:: Source material ::

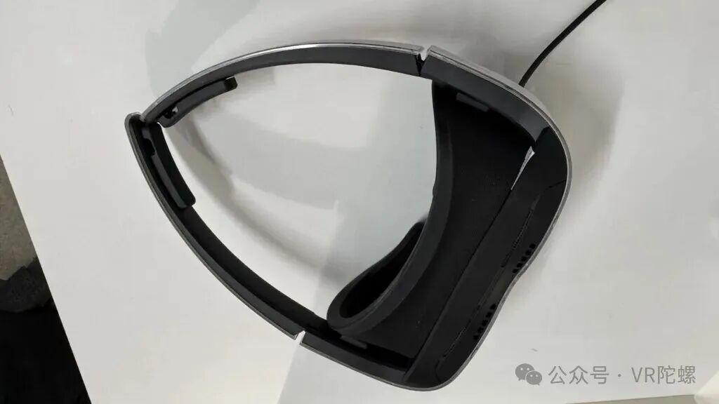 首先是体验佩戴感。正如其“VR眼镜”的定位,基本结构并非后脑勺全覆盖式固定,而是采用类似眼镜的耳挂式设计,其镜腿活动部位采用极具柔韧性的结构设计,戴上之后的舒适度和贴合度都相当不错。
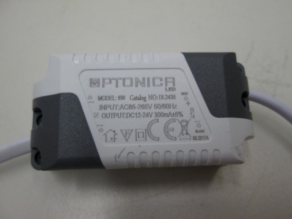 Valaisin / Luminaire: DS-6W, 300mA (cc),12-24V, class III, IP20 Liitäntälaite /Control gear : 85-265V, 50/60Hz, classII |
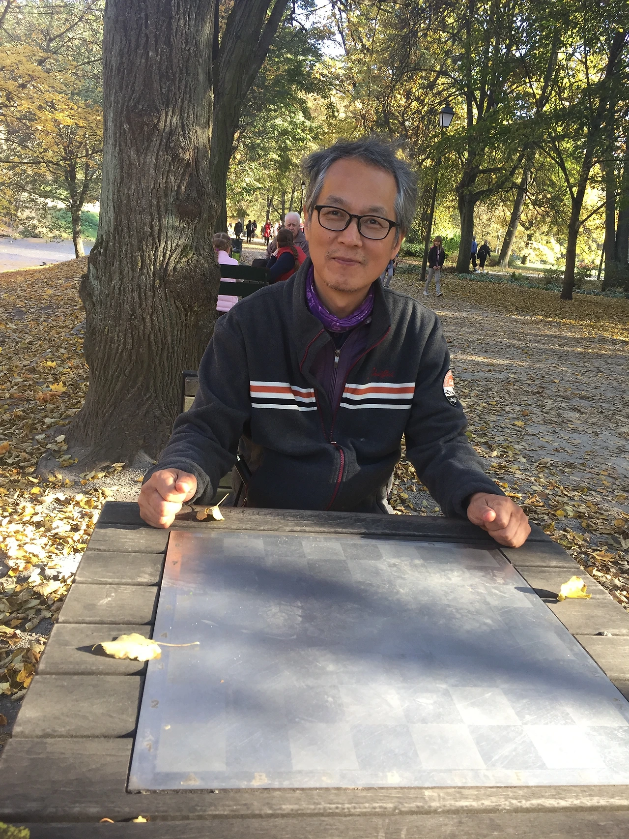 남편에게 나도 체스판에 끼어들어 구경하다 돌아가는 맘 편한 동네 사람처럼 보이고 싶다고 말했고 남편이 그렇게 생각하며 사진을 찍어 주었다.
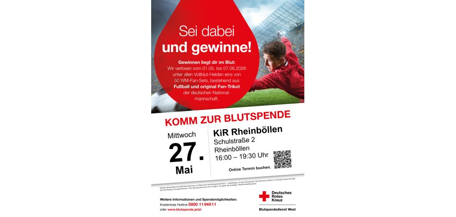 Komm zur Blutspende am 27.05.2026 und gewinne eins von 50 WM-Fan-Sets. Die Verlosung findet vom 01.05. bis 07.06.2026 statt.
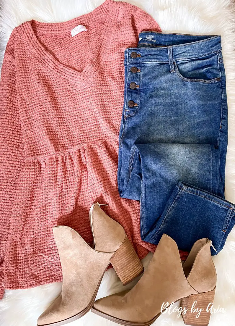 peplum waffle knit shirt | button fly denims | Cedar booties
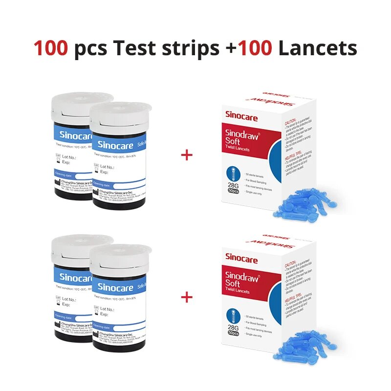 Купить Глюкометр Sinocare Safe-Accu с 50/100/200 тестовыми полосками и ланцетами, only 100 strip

:::
:: Source material ::

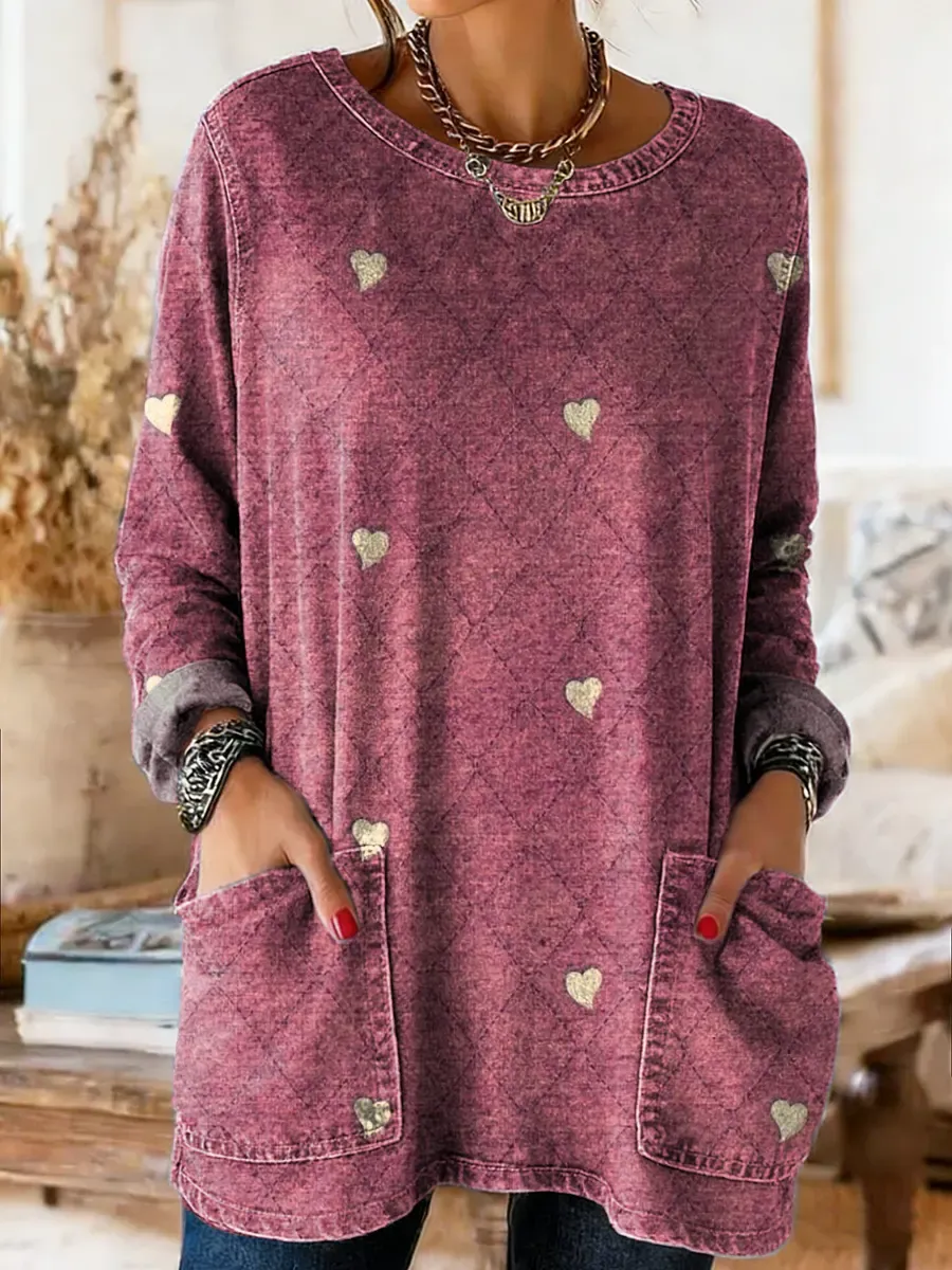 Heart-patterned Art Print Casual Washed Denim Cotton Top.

:::

Look back over the records above. Reproduce exactly everything from the line with "Valaisin / Luminaire: DS-6W, 300mA" down to the line with "남편에게 나도 체스판에", inclusive, and leave the pictures out.

 Valaisin / Luminaire: DS-6W, 300mA (cc),12-24V, class III, IP20 Liitäntälaite /Control gear : 85-265V, 50/60Hz, classII |
 남편에게 나도 체스판에 끼어들어 구경하다 돌아가는 맘 편한 동네 사람처럼 보이고 싶다고 말했고 남편이 그렇게 생각하며 사진을 찍어 주었다.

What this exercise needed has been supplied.